• TASK DESCRIPTION:
Extract the lines up to and including the one that contains "Do końca czerwca", starting with the first line of the entries below, and omit the pictures.

[Records from a data source]
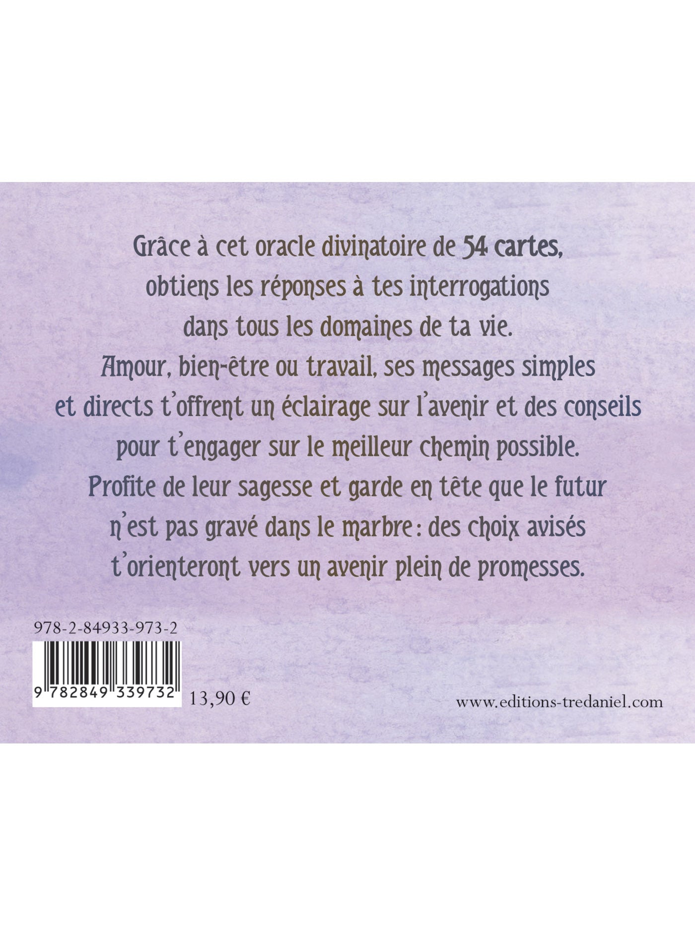 Grâce à cet oracle divinatoire de 54 cartes, obtiens les réponses à tes interrogations dans tous les domaines de ta vie. Amour, bien-être ou travail, ses messages simples et directs t’offrent un éclairage sur l’avenir et des conseils pour t’engager sur le meilleur chemin possible.
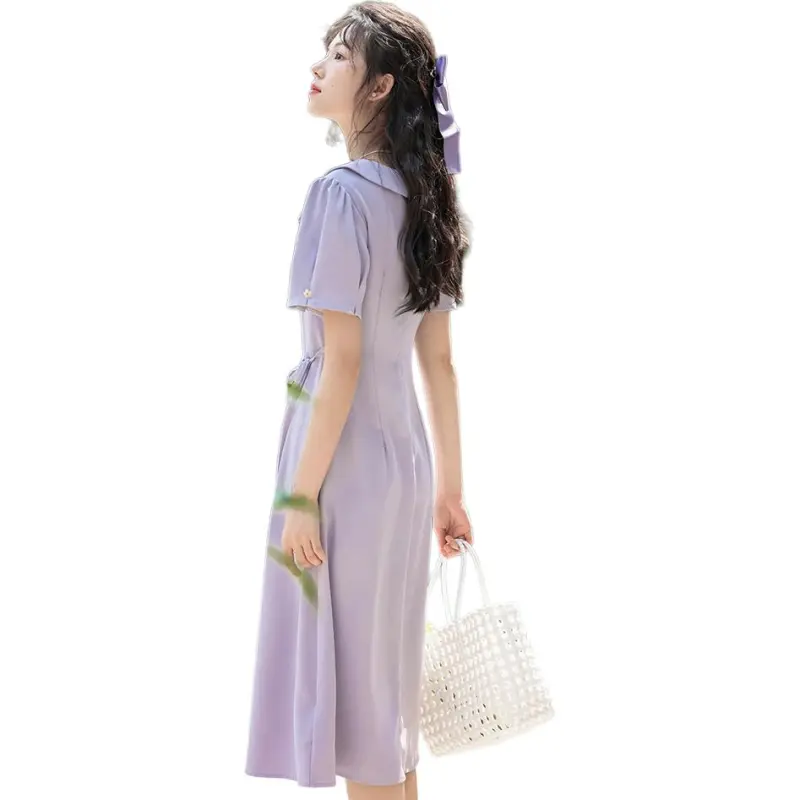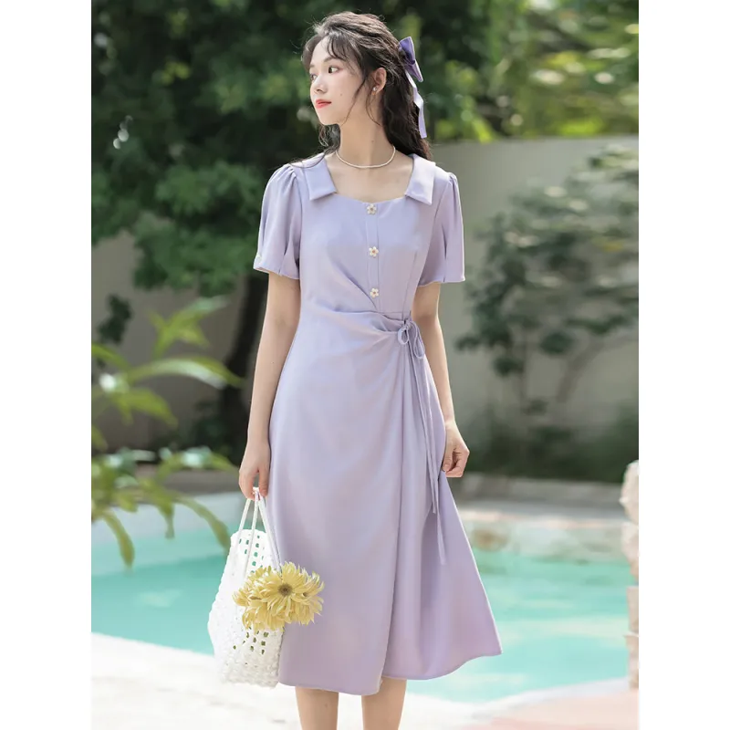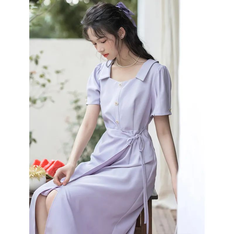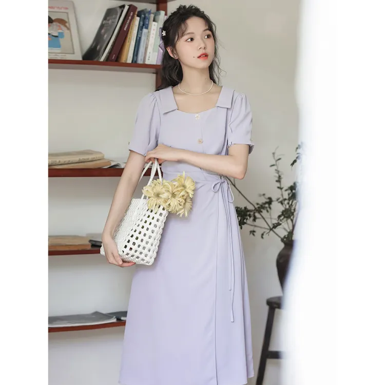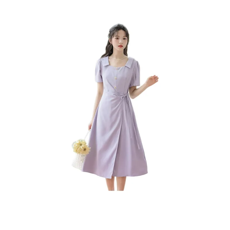 Xuantang Короткое платье с короткими рукавами женское фиолетовое
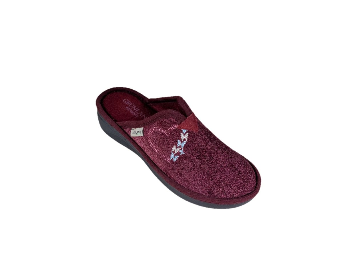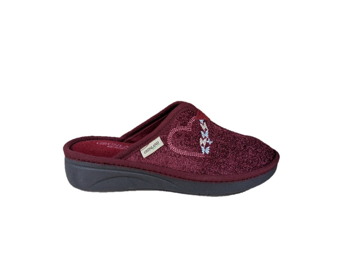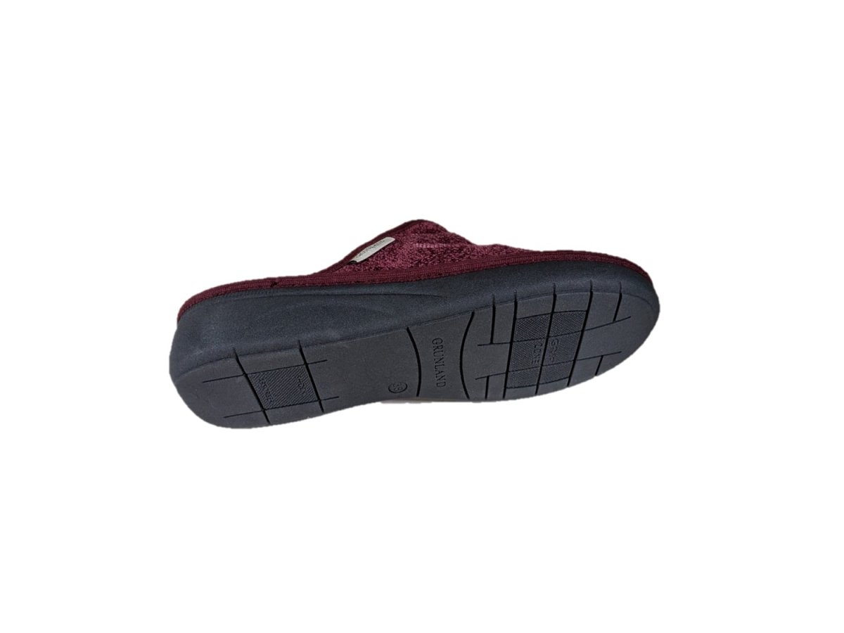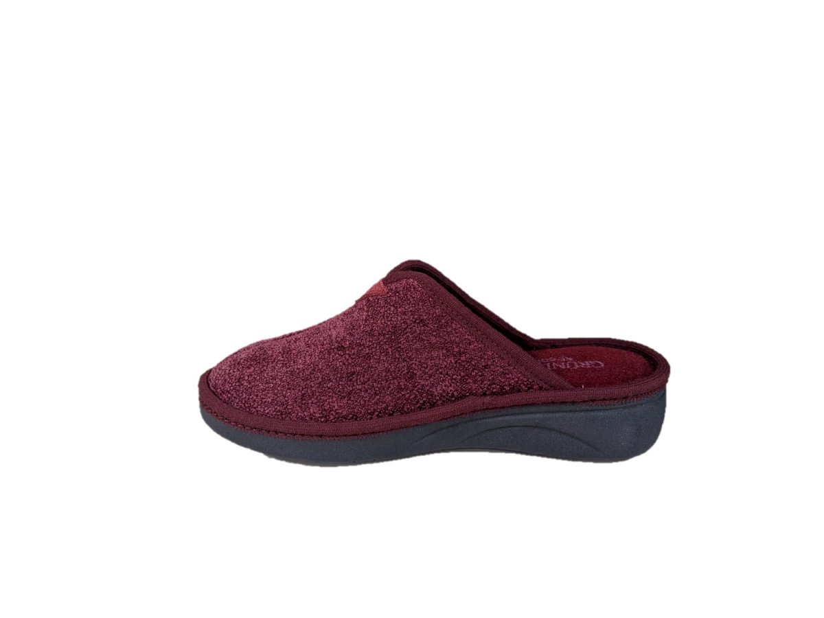 Ciabatte con tomaia in tessuto colore bordò, zeppa di 3,5cm, suola in gomma, fodera in tessuto
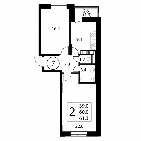 2 комнаты, 61.3 м², Этаж: 3/12, № 7
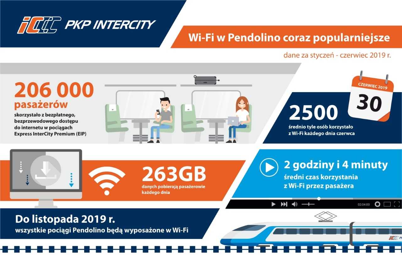 Do końca czerwca 2019 roku, czyli w ciągu pierwszego półrocza funkcjonowania usługi bezpłatnego, bezprzewodowego dostępu do internetu w pociągach Express InterCity Premium (EIP) z usługi skorzystało 206 tysięcy podróżnych. W samym czerwcu było to około 2500 osób dziennie. Średni czas korzystania z Wi-Fi wynosi 2 godziny i 4 minuty. Każdego dnia pasażerowie pobierają średnio 263 GB danych.
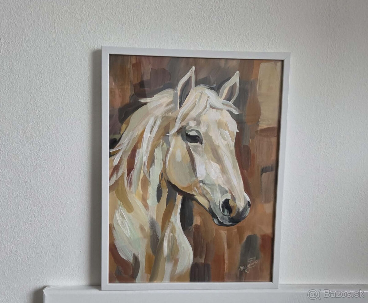Výnimočný darček na Vianoce? Originál akryl na akvarelovom papieri, rámik rozmer 30x40cm, cena 50€, motív : Kôň. Jedinečný motív, ktorý oživí Váš interiér. Ideálne osobný odber v Žiline, alebo po dohode je možne zaslať aj na dobierku.
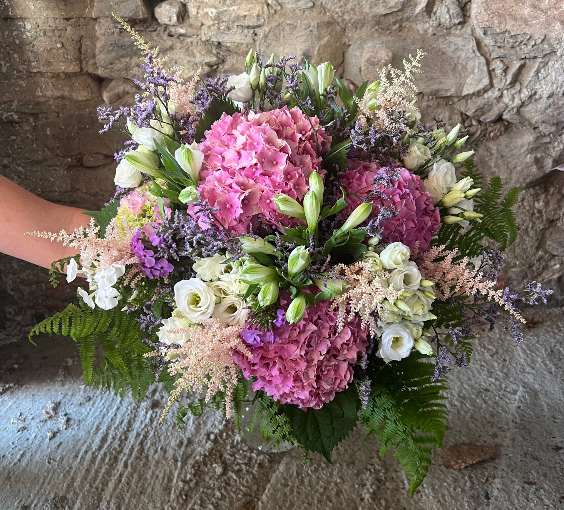 Bouquet généreux et aérien, composé d’hortensias roses et verts, lisianthus blancs, alstroemeria, astilbe, limonium et fougères. Cette création florale, aux longues tiges et au style naturel, mêle élégance et légèreté.
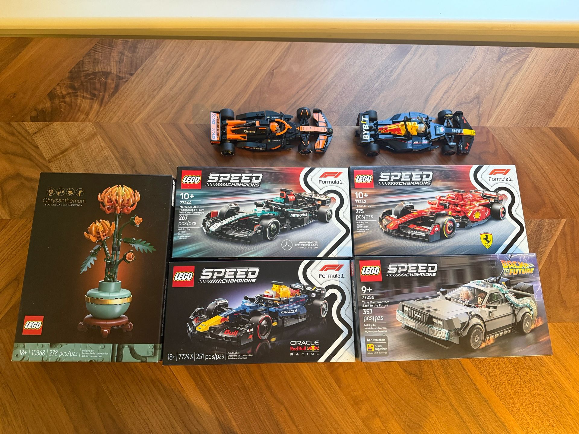 90 for all New - 77244 Mercedes Speed Champion New - 77242 Ferrari Speed Champion New - Oracle Red Bull Speed Champion New - Back to the Future Speed Champion Open Box 100% Complete, Oracle Red Bull Speed Champion Open Box 100% Complete McLaren Speed Champion New - 10368 Chrysanthemum Botanical
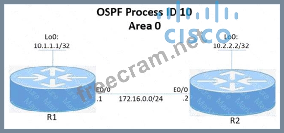 1. Establish R1 and R2 OSPF adjacency. All interfaces must be advertised in OSPF by using the OSPF interface command method. Use Loopback0 as the OSPF ID.
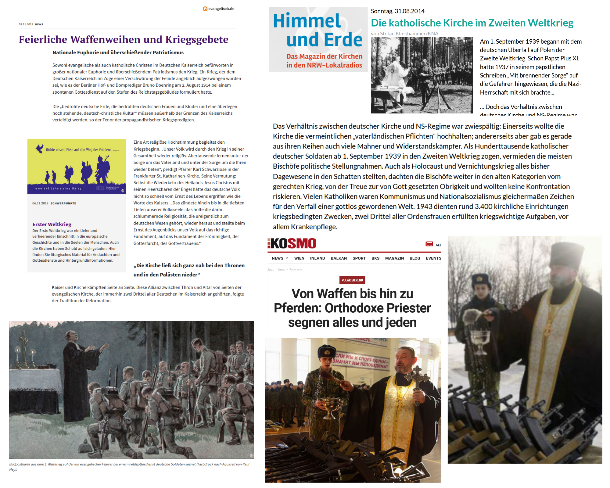 „grundsätzlich friedlich“ also seien Organisierte Glauben, mit ihren Waffenweihen in der Vergangenheit, mit ihren Waffensegnungen bis zum Heute herauf …
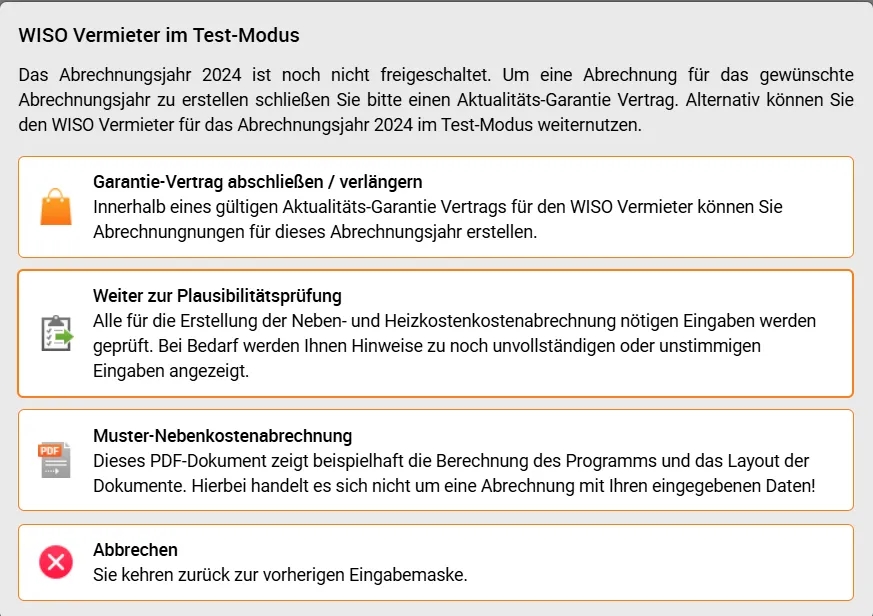 Das Abrechnungsjahr 2024 ist noch nicht freigeschaltet. Um eine Abrechnung für das gewünschte Abrechnungsjahr zu erstellen schließen Sie bitte einen Aktualitäts-Garantie Vertrag. Alternativ können Sie den WISO Vermieter für das Abrechnungsjahr 2024 im Test-Modus weiternutzen.

• SOLUTION FOR THIS TASK:
 Grâce à cet oracle divinatoire de 54 cartes, obtiens les réponses à tes interrogations dans tous les domaines de ta vie. Amour, bien-être ou travail, ses messages simples et directs t’offrent un éclairage sur l’avenir et des conseils pour t’engager sur le meilleur chemin possible.
 Xuantang Короткое платье с короткими рукавами женское фиолетовое
 Ciabatte con tomaia in tessuto colore bordò, zeppa di 3,5cm, suola in gomma, fodera in tessuto
 2 комнаты, 61.3 м², Этаж: 3/12, № 7
 Do końca czerwca 2019 roku, czyli w ciągu pierwszego półrocza funkcjonowania usługi bezpłatnego, bezprzewodowego dostępu do internetu w pociągach Express InterCity Premium (EIP) z usługi skorzystało 206 tysięcy podróżnych. W samym czerwcu było to około 2500 osób dziennie. Średni czas korzystania z Wi-Fi wynosi 2 godziny i 4 minuty. Każdego dnia pasażerowie pobierają średnio 263 GB danych.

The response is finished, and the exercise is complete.